Tradition und Bestimmung

Während sie gewissermaßen durch die Familientradition in den Beruf hereingeboren worden ist, verdankt ihn Elmar Schuster wohl der Fügung. Aber ist nicht auch das Hereingeborensein in eine Familie Schicksal? Hier die Tradition: 1936 wurde das Anwesen von den Großeltern erworben. Danach immer weiter ausgebaut. Da war der Saal als Anbau, die ersten Gästezimmer. Und 1966, als die Kleine Aller begradigt wurde, blieb schließlich das Mühlrad stehen. 1972 übernahm Christiane Schusters Onkel das Anwesen, baute weiter aus. Die Brackstedter Mühle entwickelte sich. Als ihre Mutter starb, das war vor 18 Jahren, zeigten sie und ihr Mann sich für das Ganze verantwortlich. »Wir hatten die Möglichkeiten: Entweder gehen wir nach Hongkong oder nach Brackstedt«, scherzt Elmar Schuster. Am Ende sei es dann der Standort nahe der Wolfsburger Metropole geworden. Die war damals noch gar nicht so bekannt, erinnert er sich.

Der schönste aller Berufe

Bei Elmar Schuster war die Entscheidung zum »schönsten aller Berufe« tatsächlich mehr dem Zufall geschuldet. »Warum sind Sie Gastronom geworden«, meine Frage. »Ich wollte in den Urlaub«, die verblüffende Antwort. Die Geschichte klärt auf. Wer Kinder in dem Alter hat oder sich selbst daran erinnert, als er jung war (das sollte man gelegentlich), kann sie sich vorstellen. Elmar Schuster hatte sein Abitur geschafft, und sollte sich nun endlich bewerben. Damit alles in geregelten Bahnen weiter läuft. Der Abiturient wollte aber vor allem mit seiner Freundin an der Mosel Urlaub machen. Verständlicher Wunsch. »Also hab‘ ich mir die Sache fünf Minuten angeschaut und mich rasch fürs Hotel entschieden«, erinnert er sich. Bewerbungen geschrieben, dann ging’s in die Sommerfrische. Die Entscheidung war schnell gefällt, in den Beruf fand er langsamer. Das sei ein wirklich schwerer Weg gewesen, räumt Schuster nachdenklich ein: »Da denkt man, man hat Abitur und ist schon was. Und statt großer Herausforderungen muss man erst mal Besteck und Klos putzen.« Es gibt betörendere Situation, fürwahr.

Stillstand geht gar nicht

Aber er fand bald Geschmack an dem Tun. »Es ist das antizyklische Leben, was mich reizt. Nicht immer in den gewohnten Bahnen zu bleiben. Vor immer neue Herausforderungen gestellt zu werden. Morgens nicht zu wissen, was abends kommt«, erklärt Elmar Schuster seine Motivation. All das habe er allmählich schätzen gelernt. Lange Arbeitszeiten, wenig Flexibilität in der Freizeitgestaltung sind ein Preis, den er dafür gern zahlt. Und man könne, wenn man fleißig sei, eine schnelle Karriere machen. Elmar Schuster hat die Zeit vor der Selbstständigkeit genutzt, um auf Wanderschaft zu gehen und möglichst viele Hotels kennenzulernen. Diese Eindrücke helfen ihm jetzt, um nicht stehen zu bleiben. Nicht einzurosten. Lebendig zu bleiben. So wie die beiden über ihren Beruf, ihr Hotel und das Restaurant sprechen, kann man sich viel vorstellen. Aber keinen Stillstand. Die ganze Atmosphäre, die Gespräche mit den Servicekräften, ist aufgelockert. Man hat den Eindruck, da schafft eine große Familie an einem Projekt.

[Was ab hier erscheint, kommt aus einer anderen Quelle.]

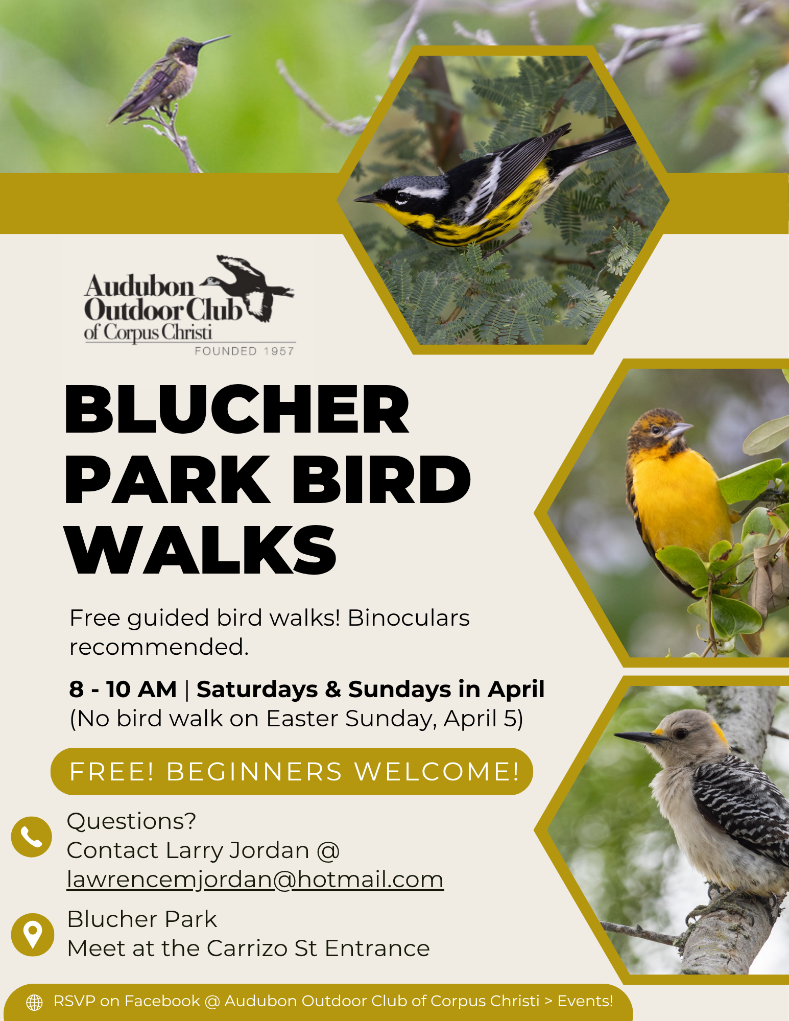 Join us each Saturday and Sunday in April for a bird walk at Blucher Park!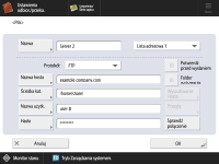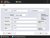 ![]() Informacji o serwerze plików może udzielić administrator sieci. Można wprowadzić do 128 alfanumerycznych znaków dla <Nazwa hosta> z poziomu panelu sterowania. Można wprowadzić do 255 alfanumerycznych znaków dla <Ścieżka kat.>. Określ ustawienia serwera pamiętając o limicie znaków. <Nazwa hosta>Wprowadź nazwę hosta serwera plików. ![]() Gdy wybrany jest <Windows (SMB)> Jeżeli wybierzesz <Windows (SMB)>, przyciski <Wyszukiwanie Hosta> oraz <Przeglądaj> zostaną wyświetlone. Możesz określić serwer plików wyszukując lub przeglądając sieć. Opcja <Przeglądaj> jest dostępna tylko, gdy <1,0> w <Podaj wersję klienta SMB> jest ustawione na <Włącz>. Wybierając <Katalog> z rozwijanej listy na ekranie <Przeglądaj> możesz wybrać spośród nazw domen serwera Active Directory zarejestrowanego na urządzeniu. Użytkownik ma możliwość zarejestrowania maksymalnie pięciu serwerów Katalogu. Jeśli wybrano opcję <WebDAV> Po wprowadzeniu nazwy hosta naciśnij <Dalej>. <Ścieżka kat.>Określ ścieżkę dostępu do katalogu, do którego dane są wysyłane. ![]() Gdy wybrano protokół <Windows (SMB)>, funkcja <Sprawdź połączenie> umożliwia sprawdzenie tylko do pierwszego poziomu określonej ścieżki katalogu. <Nazwa użytkownika>Wprowadź nazwę użytkownika do zalogowania do serwera plików. <Hasło>Wprowadzić hasło logowania do serwera plików. ![]() Jeżeli użytkownik określi odbiorcę, dla którego włączono opcję <Potwierdź przed wysłaniem>, jako odbiorcę przekazywania, ekran informujący o konieczności wprowadzenia hasła nie pojawia się. Zarejestrowane hasło jest wykorzystywane i przekazywanie jest wykonywane. <Folder sortowania>Po włączeniu opcji <Folder sortowania> podczas skanowania i wysyłania dokumentu można utworzyć nowy folder w folderze docelowym określonym w obszarze <Ścieżka kat.> i zapisać zeskanowany dokument w nowym folderze. Tworzenie innego folderu w folderze docelowym przed skanowaniem | ||||||||||||

Ausbildung und geschultes Personal

Dass in der Küche und beim Service alles gut läuft, darauf haben die beiden ein besonderes Auge geworfen, scheint es. Beim Rundgang fällt eine Wand auf, auf der die Erfolge der Auszubildenden festgehalten sind. Preise, Ehrungen. »Gutes Personal auszubilden, das ist für uns so wichtig«, betont Elmar Schuster. Denn ganz egal, welche Bedürfnisse ihre Gäste haben. Sie sollen sich in der Brackstedter Mühle wohlfühlen. Die strahlt Gemütlichkeit im besten Sinne aus. Die Karte verrät eine gehobene deutsche Küche mit internationalen Anregungen. Die Tische sind liebevoll eingedeckt. Jeder Raum hält eine neue Überraschung bereit. Durch die kontinuierliche Entwicklung und Erweiterung gibt es ganz verschiedene Bereiche, in denen man sich als Hotel- oder Restaurantgast wohlfühlen und zurückziehen kann.

Die Aussicht

Am Ende wird noch etwas serviert. Aber davon ist in einem anderen Beitrag zu berichten. Nach gut zwei Stunden verabschieden wir uns vor dem Hotel. Es ist, als hätte man sich schon Jahre gekannt. Wie angenehm sind doch gastfreundliche, nette Menschen, geht es mir durch den Kopf, während im Rückspiegel die alte Mühle verschwindet, die so still da liegt, als hätte die Zeit in die Speichen gegriffen und sie angehalten. Das Mühlrad mag sich nicht mehr drehen. Aber die Mühle lebt.